US President Donald Trump has cancelled his first official trip to Latin America to focus on the issue of a suspected chemical attack in Syria.
He will remain in Washington to "oversee the American response to Syria", the White House said.
Meanwhile, the global chemical weapons watchdog has said it will send a fact-finding team to the site in Douma.
Medical sources say dozens were killed in the alleged attack there, but exact numbers are impossible to verify.
The Organisation for the Prohibition of Chemical Weapons (OPCW) said a team would deploy to Syria "shortly".
It comes after Syria and its military backer, Russia, both said they wanted to facilitate a visit by inspectors. Syria denies being behind any chemical attack.
At the United Nations Security Council on Tuesday, Russia, as expected, vetoed a US proposal for a new panel to investigate and apportion blame for chemical attacks in Syria. A previous panel ended in November after Russia used its veto to stop it being renewed.
US Vice-President Mike Pence will travel in President Trump's place for the Latin America trip, which begins in Peru for the Summit of the Americas.

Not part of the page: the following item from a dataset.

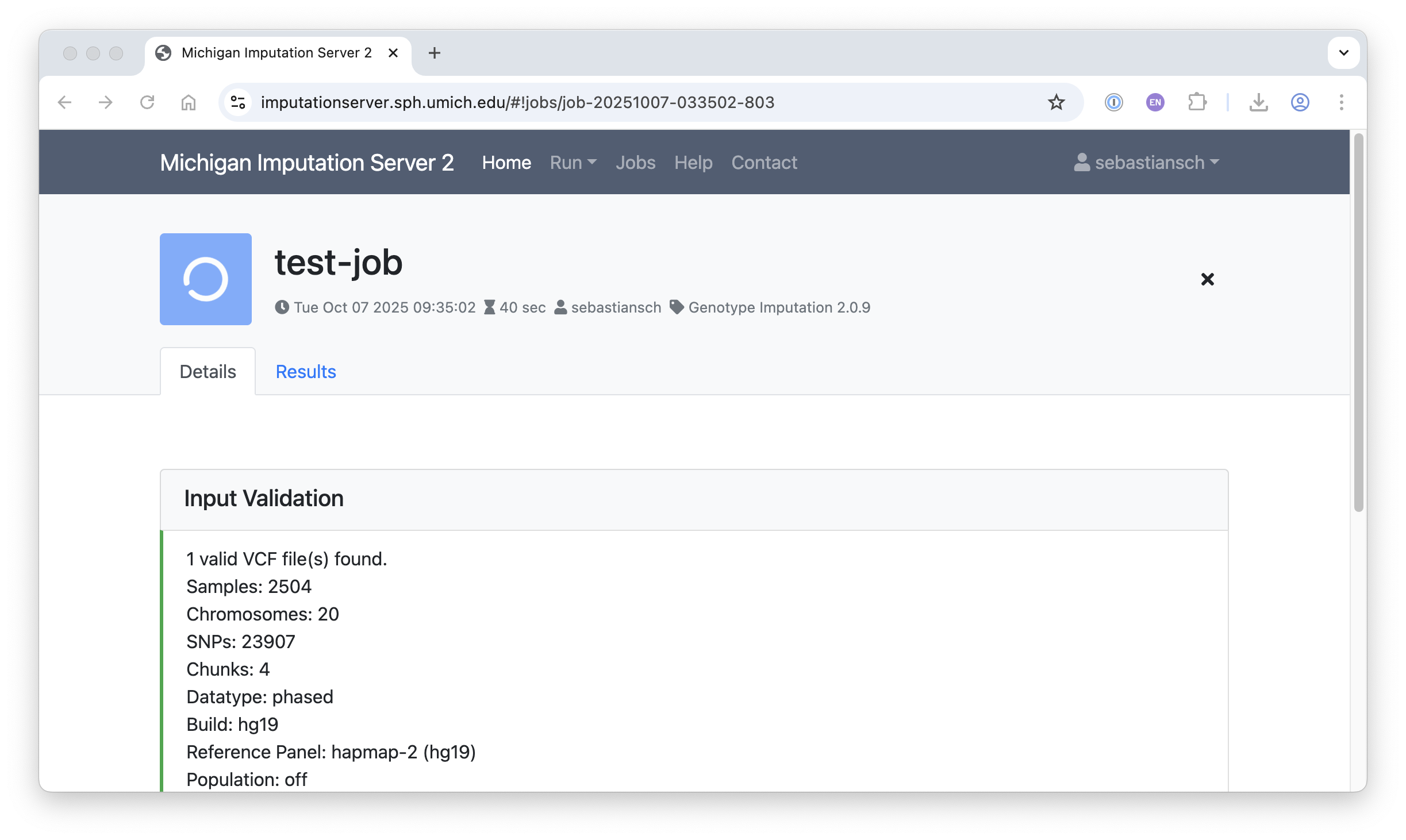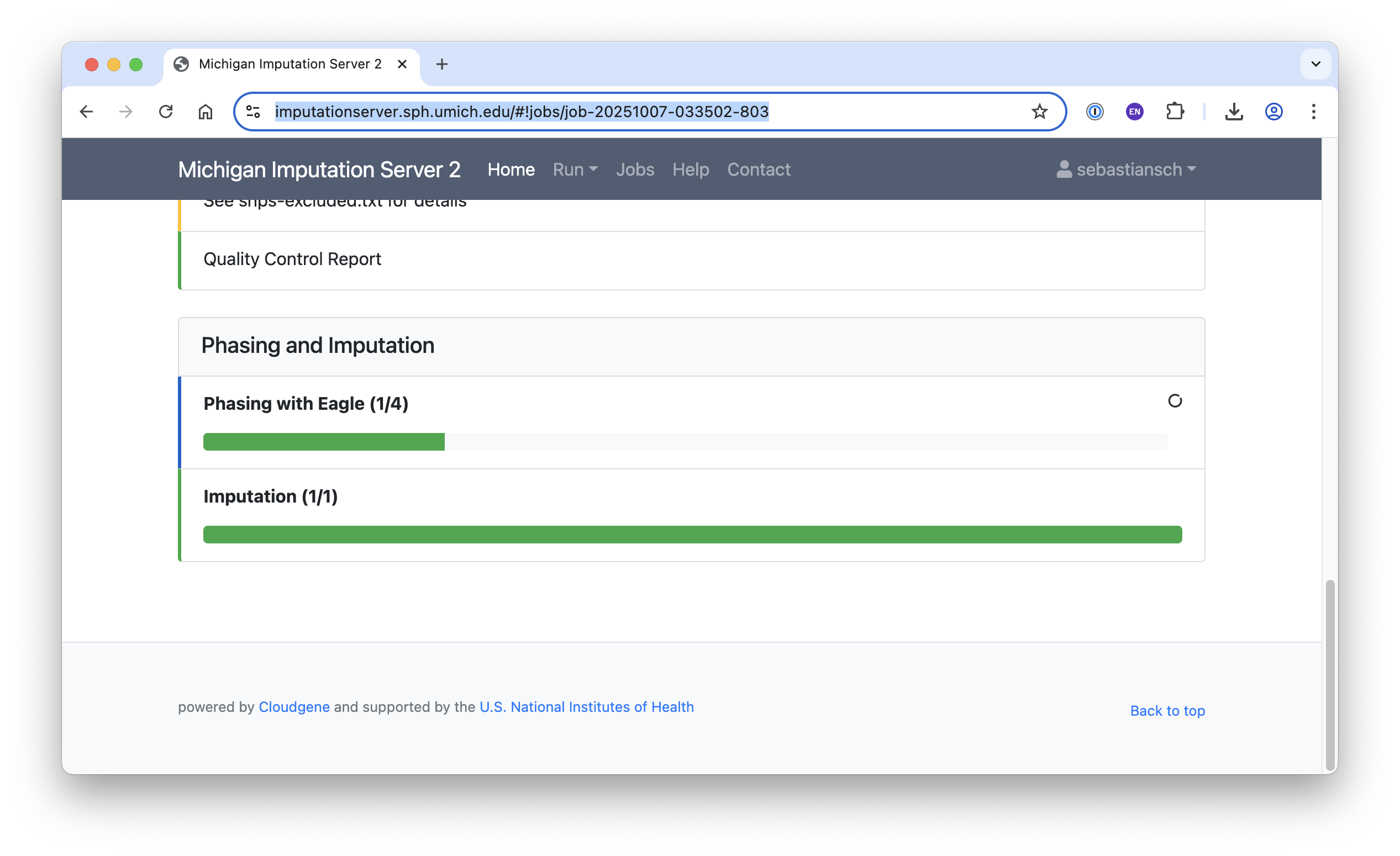 Once submitted, your job will go through Input Validation, Quality Control (QC), Phasing/Imputation and Compression/Encryption. Jobs are queued, and you will receive a notification when your imputation job is complete.

Will there be a military strike?
Mr Trump has promised a "forceful" response, and has spoken of numerous military options. His Defence Secretary, James Mattis, has also cancelled travel plans this week.

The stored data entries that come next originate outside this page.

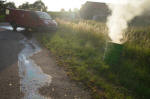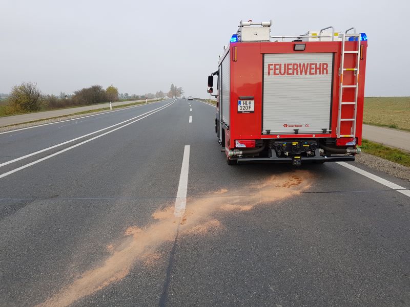 Die FF Großmeiseldorf bindet das Öl mittels Ölbindemittel und reinigt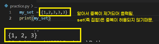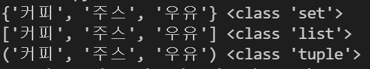 | 변수명 = set( [요소1, 요소2, 요소3] ) | [ ] 안에 적는 것은 리스트 이므로 , 리스트에 set()함수로 감싸준다. |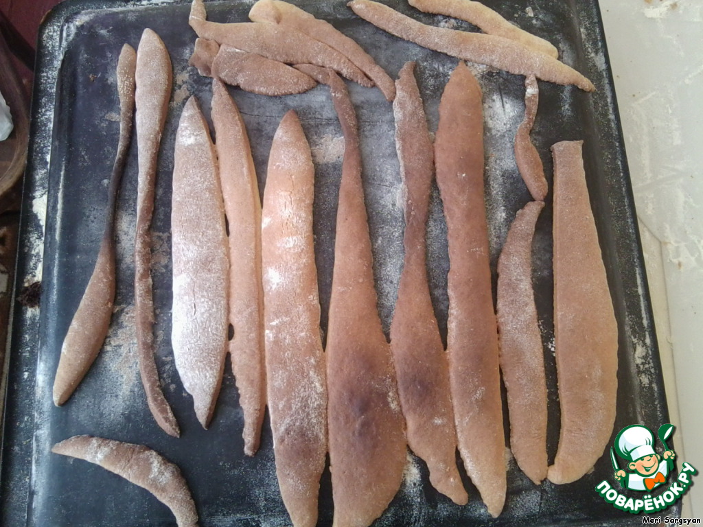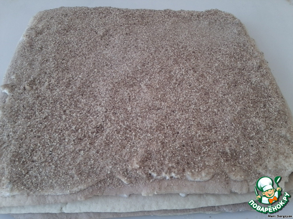 На стол насыпать немного муки, раскатать тонкие коржи.

Last April, after a Sarin nerve agent attack killed more than 80 people in a Syrian opposition-held town, Mr Trump ordered the firing of dozens of cruise missiles at a Syrian government air base from US Navy ships in the Mediterranean.
It was the first direct US military action against forces commanded by Syrian President Bashar al-Assad.

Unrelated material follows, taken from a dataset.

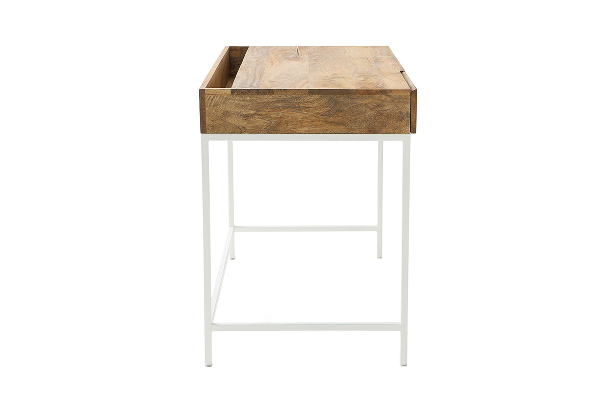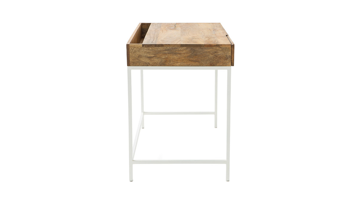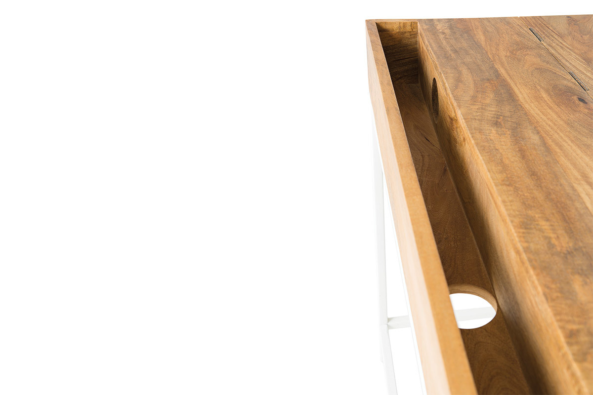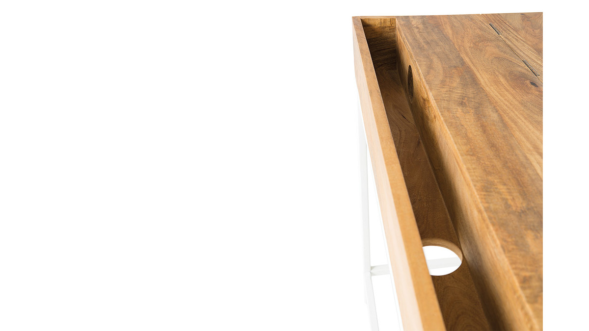 Côté rangements, il est pratique et fonctionnel ! Muni d'un tiroir, d'un caisson intégré protégé par une porte à battant et d'une niche centrale ouverte, vous pourrez y ranger tout votre essentiel de bureau et des objets du quotidien. Ce bureau en bois massif BOHO dispose également d'un passe-câble, idéal pour vos branchements d'ordinateur.

Since Saturday's incident, Washington has been in discussion with Britain and France, raising the prospect of co-ordinated Western military action.
A US Navy guided-missile destroyer, the USS Donald Cook, is in the Mediterranean.
Mr Trump's decision to cancel his Latin America trip suggests the US response may involve a larger military operation than a limited strike, says the BBC's Barbara Plett Usher in Washington.
French President Emmanuel Macron said that if military action was taken, it would target "the regime's chemical capabilities", and not the forces of its allies Russia or Iran. Speaking in Paris, he said he did "not want an escalation" and that a decision would be made in the coming days.
The information that France has shows "that chemical weapons were indeed used and that the regime could clearly be held responsible", Mr Macron added.
The US and France have not released evidence to support their assessments of the alleged attack.
Neither the death toll nor what exactly occurred can be verified as the area is blocked off, with access denied.
UK Prime Minister Theresa May spoke to President Trump and President Macron in separate calls on Tuesday.
Mrs May and Mr Trump had condemned Mr Assad's "vicious disregard for human life" and "agreed not to allow the use of chemical weapons to continue", the White House said.
Russia has warned at the UN Security Council that US military action could have "grave repercussions".
What happened on Saturday?
Syrian opposition activists, rescue workers and medics allege that bombs filled with toxic chemicals were dropped on Douma, in the Eastern Ghouta region, near the capital Damascus, by Syrian government forces.
The Syrian-American Medical Society said more than 500 people were brought to medical centres with symptoms "indicative of exposure to a chemical agent".
It said this included breathing difficulties, bluish skin, mouth foaming, corneal burns and "the emission of chlorine-like odour".
The estimates of how many people died in the suspected chemical attack range from 42 to more than 60 people, but medical groups say numbers could rise as rescue workers gain access to basements where hundreds of families had sought refuge from bombing.
The French representative at the UN Security Council said poison gas had deliberately been used as it could seep down to the basements.